(Task prompt) Return, word for word, the lines of the listing below from the one with "新建居住、商业项目(月湖船院项目)室内精装修工程智能家居采购成交结果公示" through the one with "A swan's wing", and no other lines.

(Extracted entries)
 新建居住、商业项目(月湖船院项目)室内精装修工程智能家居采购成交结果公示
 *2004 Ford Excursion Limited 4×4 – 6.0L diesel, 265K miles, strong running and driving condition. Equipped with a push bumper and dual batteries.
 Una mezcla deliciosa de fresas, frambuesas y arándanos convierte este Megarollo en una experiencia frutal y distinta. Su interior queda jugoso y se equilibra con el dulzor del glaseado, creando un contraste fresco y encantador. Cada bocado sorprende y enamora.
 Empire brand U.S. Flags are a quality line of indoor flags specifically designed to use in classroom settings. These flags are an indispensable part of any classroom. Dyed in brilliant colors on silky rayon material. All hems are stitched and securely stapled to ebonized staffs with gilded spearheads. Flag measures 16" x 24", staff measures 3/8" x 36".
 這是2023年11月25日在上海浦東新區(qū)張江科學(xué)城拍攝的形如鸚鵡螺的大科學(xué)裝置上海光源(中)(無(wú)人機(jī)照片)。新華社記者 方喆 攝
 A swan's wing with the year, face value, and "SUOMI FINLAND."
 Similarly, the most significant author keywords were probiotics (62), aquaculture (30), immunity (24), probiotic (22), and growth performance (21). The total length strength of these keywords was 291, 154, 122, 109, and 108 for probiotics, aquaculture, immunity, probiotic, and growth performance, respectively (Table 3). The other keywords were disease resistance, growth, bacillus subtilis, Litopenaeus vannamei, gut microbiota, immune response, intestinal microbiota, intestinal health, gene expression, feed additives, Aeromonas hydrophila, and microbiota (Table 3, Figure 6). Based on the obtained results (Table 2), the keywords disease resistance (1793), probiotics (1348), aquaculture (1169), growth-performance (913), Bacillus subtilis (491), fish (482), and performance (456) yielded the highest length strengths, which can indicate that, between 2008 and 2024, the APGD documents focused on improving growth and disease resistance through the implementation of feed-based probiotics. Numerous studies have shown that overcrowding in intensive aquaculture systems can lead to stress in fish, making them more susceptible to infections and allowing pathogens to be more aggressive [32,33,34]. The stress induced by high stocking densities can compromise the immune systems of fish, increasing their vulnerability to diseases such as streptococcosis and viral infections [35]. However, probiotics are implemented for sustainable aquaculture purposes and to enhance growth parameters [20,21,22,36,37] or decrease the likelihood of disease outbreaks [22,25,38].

* * *

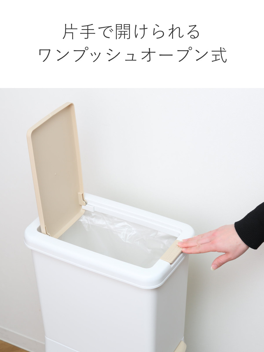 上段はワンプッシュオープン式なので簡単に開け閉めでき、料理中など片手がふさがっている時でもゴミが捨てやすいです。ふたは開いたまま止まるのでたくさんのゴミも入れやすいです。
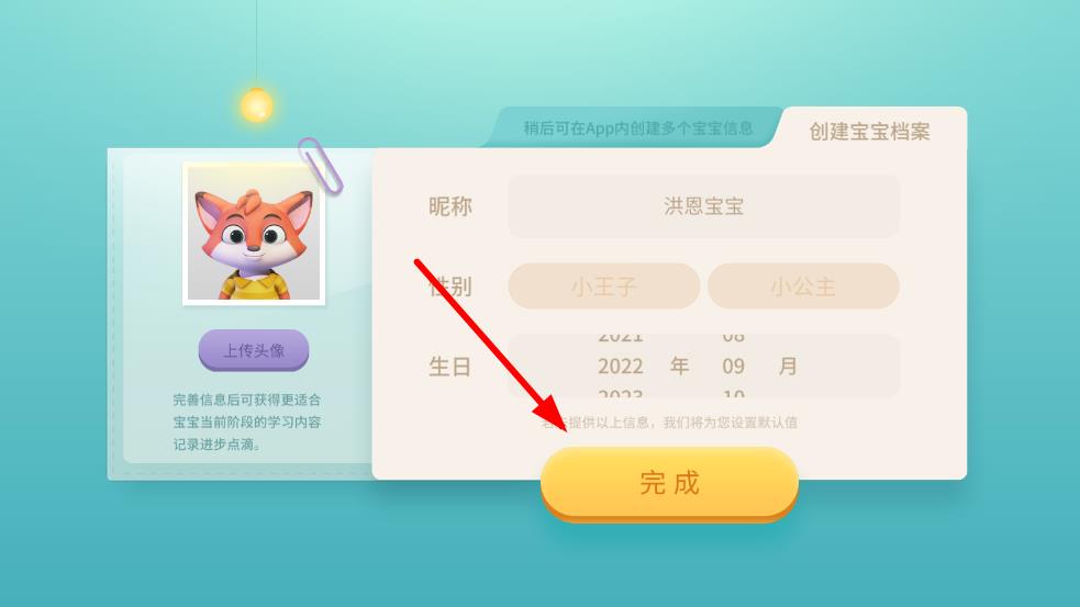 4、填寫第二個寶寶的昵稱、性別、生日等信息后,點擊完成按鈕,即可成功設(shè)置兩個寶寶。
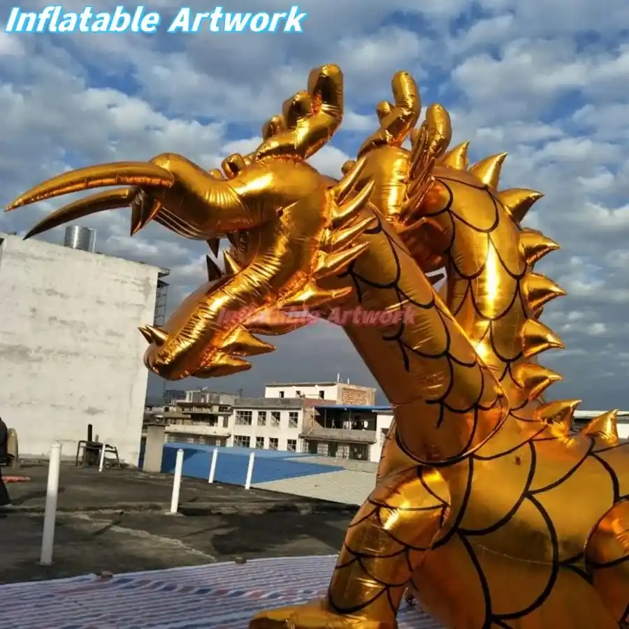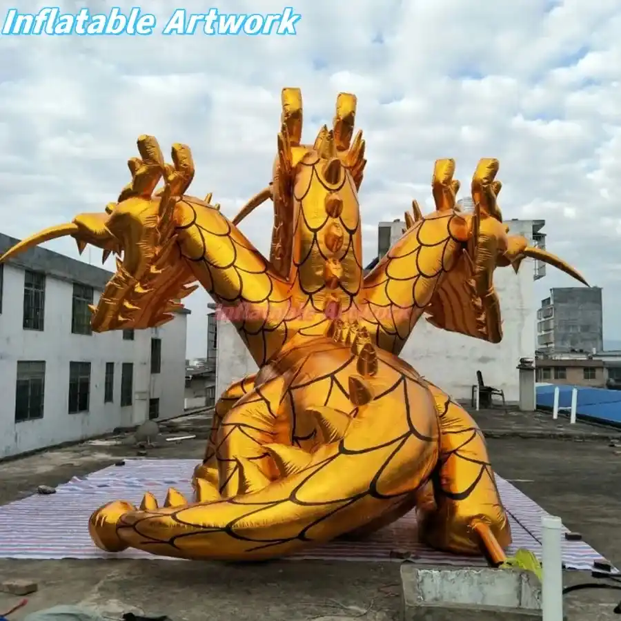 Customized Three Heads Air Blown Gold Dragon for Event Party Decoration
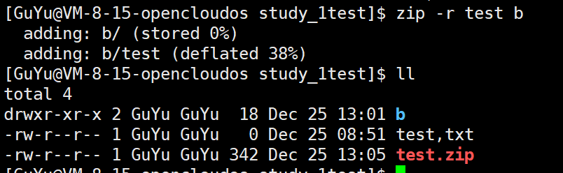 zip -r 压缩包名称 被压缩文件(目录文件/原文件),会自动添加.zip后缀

* * *

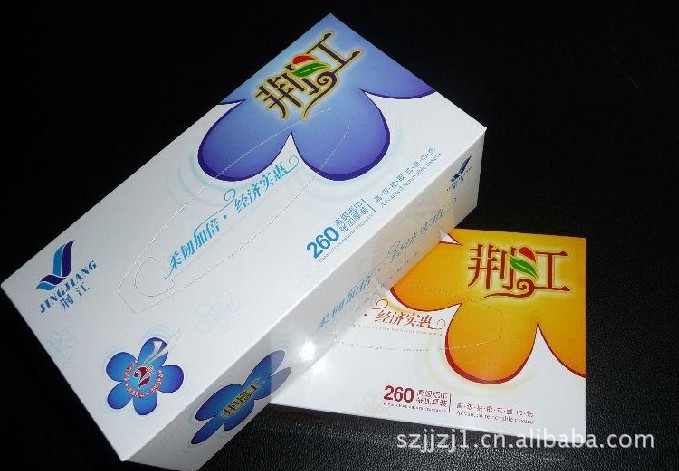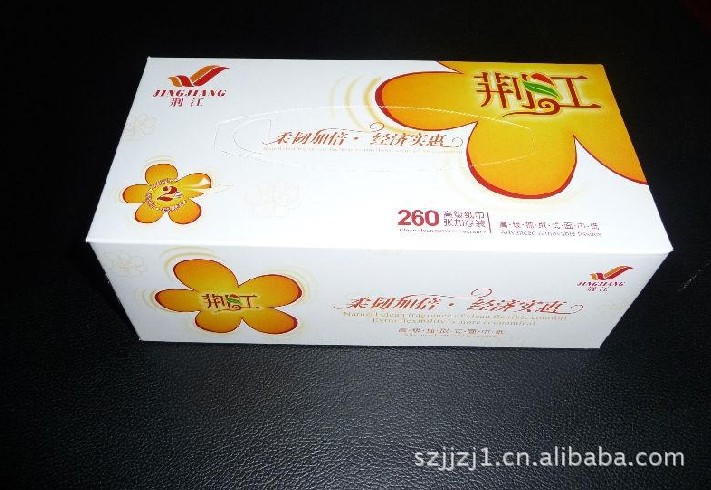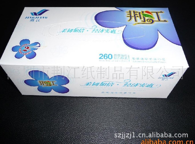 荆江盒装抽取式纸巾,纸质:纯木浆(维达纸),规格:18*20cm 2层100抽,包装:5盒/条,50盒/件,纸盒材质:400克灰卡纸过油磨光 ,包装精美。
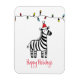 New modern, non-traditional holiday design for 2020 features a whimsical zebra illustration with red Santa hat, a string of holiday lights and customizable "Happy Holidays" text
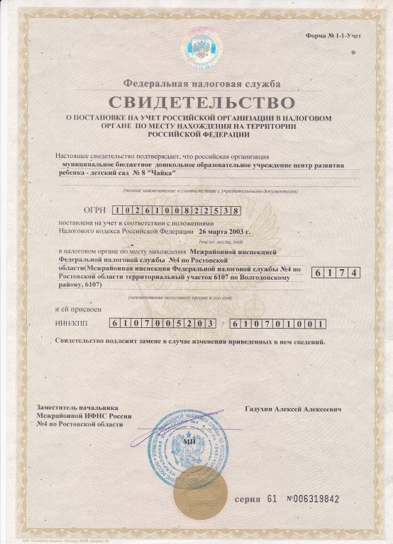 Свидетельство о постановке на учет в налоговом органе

(Task response)
 新建居住、商业项目(月湖船院项目)室内精装修工程智能家居采购成交结果公示
 *2004 Ford Excursion Limited 4×4 – 6.0L diesel, 265K miles, strong running and driving condition. Equipped with a push bumper and dual batteries.
 Una mezcla deliciosa de fresas, frambuesas y arándanos convierte este Megarollo en una experiencia frutal y distinta. Su interior queda jugoso y se equilibra con el dulzor del glaseado, creando un contraste fresco y encantador. Cada bocado sorprende y enamora.
 Empire brand U.S. Flags are a quality line of indoor flags specifically designed to use in classroom settings. These flags are an indispensable part of any classroom. Dyed in brilliant colors on silky rayon material. All hems are stitched and securely stapled to ebonized staffs with gilded spearheads. Flag measures 16" x 24", staff measures 3/8" x 36".
 這是2023年11月25日在上海浦東新區(qū)張江科學(xué)城拍攝的形如鸚鵡螺的大科學(xué)裝置上海光源(中)(無(wú)人機(jī)照片)。新華社記者 方喆 攝
 A swan's wing with the year, face value, and "SUOMI FINLAND."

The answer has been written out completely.